Required action:
Reproduce exactly the lines below, starting at the line that contains "We will be kicking" and ending with the last line of the records, both included; leave out any pictures.

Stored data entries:

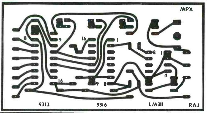 ... displayed (you can use your scope without the adapter for this function), it will show the low or high states, in precise time positions, of any signals present in TTL or DTL circuits. Almost any general purpose scope should work with this adapter, but it is recommended that it be equipped with a triggered sweep. The viewing of simple repetitive signals without a triggered sweep can be frustrating enough, but attempting to lock onto one of eight channels being displayed may be virtually impossible. If you are using a scope without this feature, consider adding a new triggered sweep, even if you do not build this adapter. Scope bandwidth is not critical unless you are working with really high speed stuff, and a 4 MHz bandwidth will let you examine almost all you need to see. You must have a way to externally trigger the scope sweep, and you will have to find the sweep signal or blanking pulse to permit changing the input channels during the retrace interval. The circuit itself is very simple. A small capacitor couples the scope sweep circuit to a voltage comparator (you may find it necessary to adjust the size of the capacitor for reliable trace switching). The sweep retrace causes a negative excursion at pin 3 of the LM311, forcing its output to go high. Each time this occurs, a 16 stage counter advances one count. Three output bits of the counter are connected to an eight-to-one 9312 multiplexer, which selects each input in turn and outputs to pin 15. If most of your work is at the lower frequencies, use the low order 3 bits of the counter, instead of the 3 high order bits (Fig. 11-6). When using the 3 high order bits, you may use the adapter with a fuel channel scope operating in the alternate mode. A ladder network commonly used for digital to analog conversion is used to position each channel on the screen. The resistors should be well matched (i.e., 1 percent), but satisfactory results have been experienced with 5 percent units. If your display is not evenly spaced vertically, try swapping resistors in this network for best spacing. The variable capacitor is used to compensate for the scope input capacitance, and should be adjusted for best waveshapes. The output potentiometer will not be required in most instances, and should not be used unless essential. Note in Fig. 11-6 that a 74161 or 9316 synchronous counter is recom mended, rather than a 7493 or similar asynchronous type. It is unlikely that propagation delays in an asynchronous counter would result in viewable glitches on the scope in this application, but it is good design practice to always use a synchronous counter where the output states are decoded and fed back to the counter. The adapter may be built on a small printed circuit board (Fig. 11-7) and installed inside your scope. However, it may be very conveniently enclosed in a small box which can be located near and powered from the digital project, and coupled to the scope via cables. You will need the usual vertical input cable and a sweep-out signal. Many scopes have an Ext jack for horizontal input, which is permanently connected to the input of the horizontal amplifier. When the sweep is running, this also happens to be the output of the sweep generator. Should you experience difficulty in obtaining a stable trace, the sweep circuit may not be advancing the counter properly. Try a different spot in the sweep circuit first. You may find it necessary to invert the signal by using pin 2 of the LM311 (grounding pin 3) if the signal is reversed in polarity. The 74161 counts on a rising edge, and reverse polarity will cause the channel change to occur in mid-sweep, with obvious visible distortion. You may find experimenting with the size of the sweep input capacitor to be helpful, but be careful to avoid distorting the sweep. The scope will not be as bright as usual, as the trace is being timeshared among 8 signals. A slight adjustment of the brightness control compensates for this. The variable capacitor is adjusted for best waveform using a 10 kHz or higher digital pulse. A 74151 ...
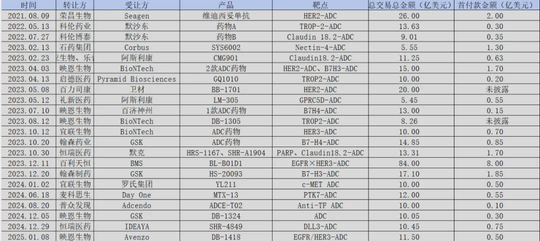 从2021年荣昌生物维迪西妥单抗以26亿美元授权出海,到2022年科伦博泰与默沙东达成总金额超百亿美元的ADC合作,再到2023年百利天恒凭借双抗ADC与BMS签下单个项目84亿美元的“天价交易”,国产ADC的License out纪录一次次刷新行业认知。
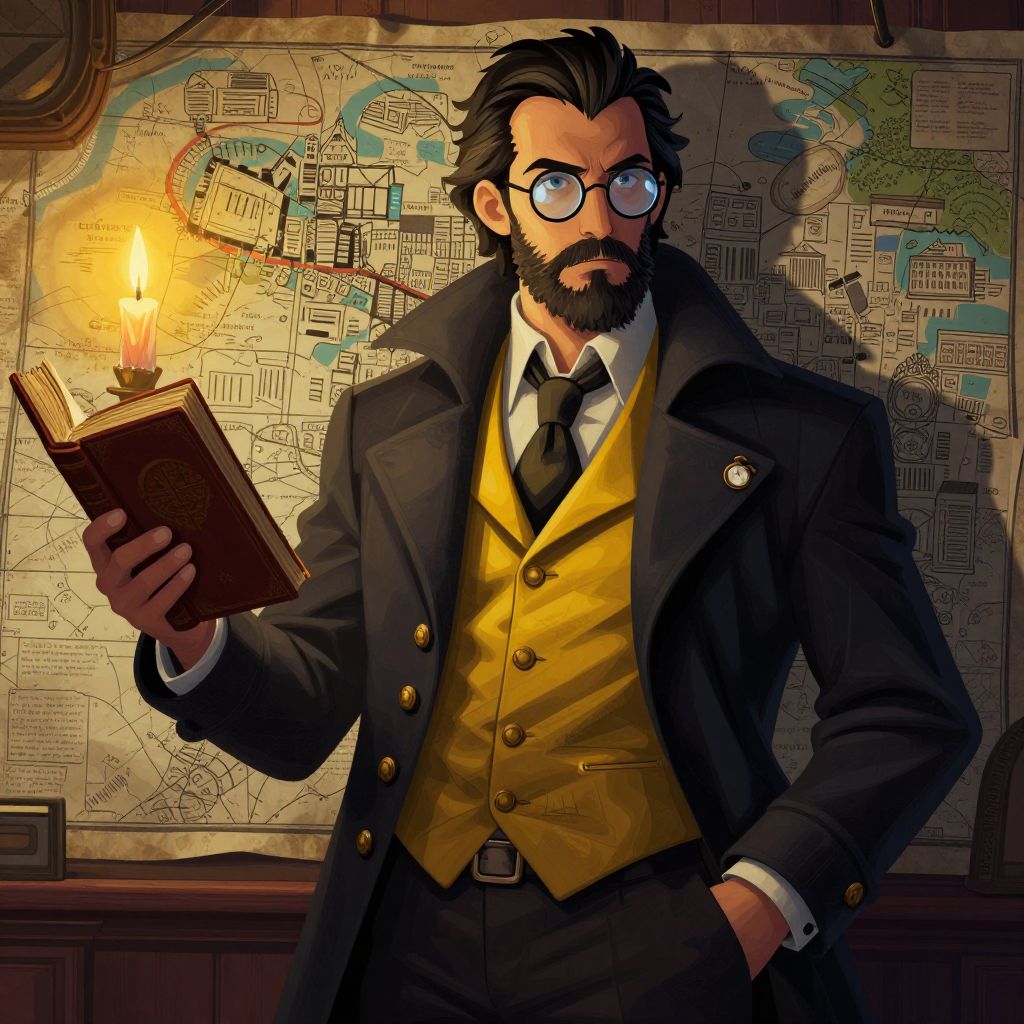 In this image, a man with a beard and glasses is depicted in a dramatic, stylized manner reminiscent of the Disco Elysium game. He is dressed in a dark coat with a yellow vest and a tie, adorned with various buttons and a pocket watch. The man holds a book in his left hand, and a candle illuminates the scene, casting a warm glow. The background features a map with a cityscape, and the overall composition is rich with dynamic textures and colors, creating a sense of depth and atmosphere. The interplay of light and shadow adds to the dramatic effect, highlighting the man's features and the details of his attire. The image is a striking representation of a philosopher or intellectual figure, captured in a visually compelling and evocative style.
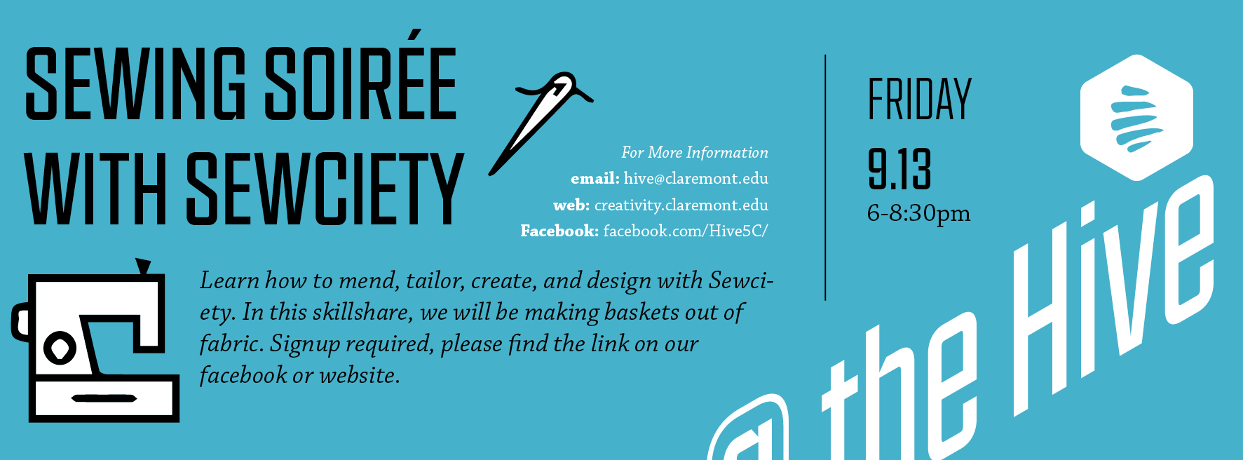 We will be kicking off a whole semester of sewing skill shares with the Sewing Soirée. Walk away with personalized hand-sewn totes and bags for those extra books!
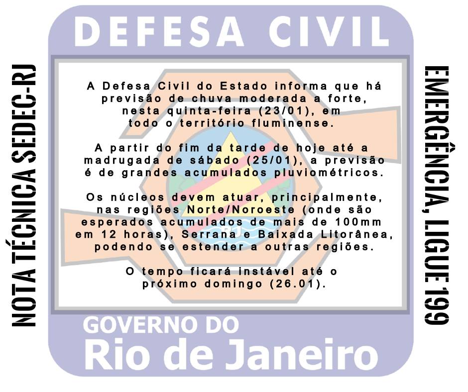 A Secretaria de Estado de Defesa Civil (Sedec-RJ) informa que acompanha as condições meteorológicas de todo o território fluminense. De acordo com o Centro Estadual de Monitoramento e Alerta de Desastres (Cemaden), há previsão de chuva forte a partir da tarde desta quinta-feira (23.01) no Estado.
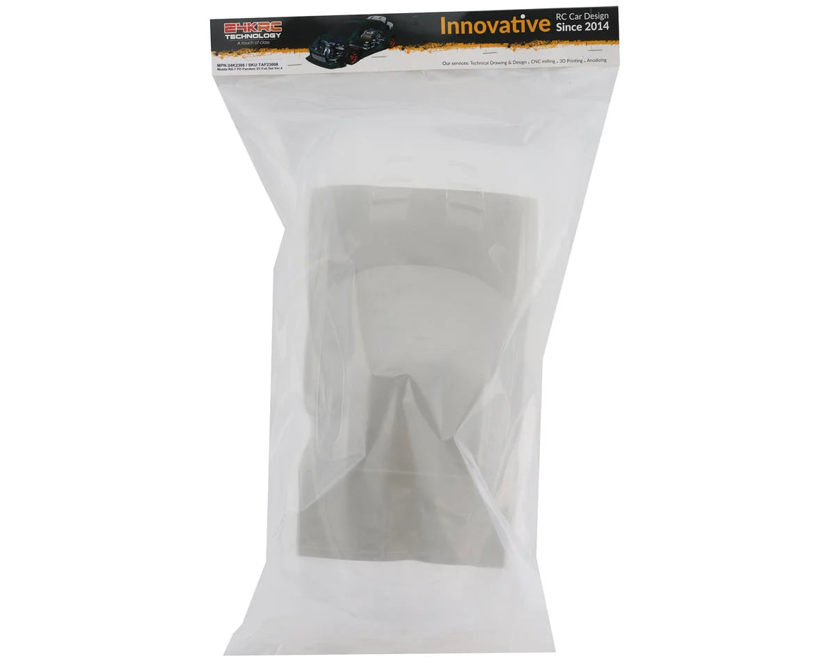 24K RC Technology '90s RX7 FD Pandem V3 Body. The RX-7 FD Series 6, produced from 1992 to 1995, represents a pinnacle in Mazda's sports car legacy. This iconic model, released across two distinct generations, has left an indelible mark on automotive enthusiasts worldwide. The Mazda RX-7 FD Pandem V3 body shell proudly stands as a meticulous replica of the original RX-7 FD Pandem V3, featuring separately crafted front and rear bumpers.

Written answer:
 We will be kicking off a whole semester of sewing skill shares with the Sewing Soirée. Walk away with personalized hand-sewn totes and bags for those extra books!
 A Secretaria de Estado de Defesa Civil (Sedec-RJ) informa que acompanha as condições meteorológicas de todo o território fluminense. De acordo com o Centro Estadual de Monitoramento e Alerta de Desastres (Cemaden), há previsão de chuva forte a partir da tarde desta quinta-feira (23.01) no Estado.
 24K RC Technology '90s RX7 FD Pandem V3 Body. The RX-7 FD Series 6, produced from 1992 to 1995, represents a pinnacle in Mazda's sports car legacy. This iconic model, released across two distinct generations, has left an indelible mark on automotive enthusiasts worldwide. The Mazda RX-7 FD Pandem V3 body shell proudly stands as a meticulous replica of the original RX-7 FD Pandem V3, featuring separately crafted front and rear bumpers.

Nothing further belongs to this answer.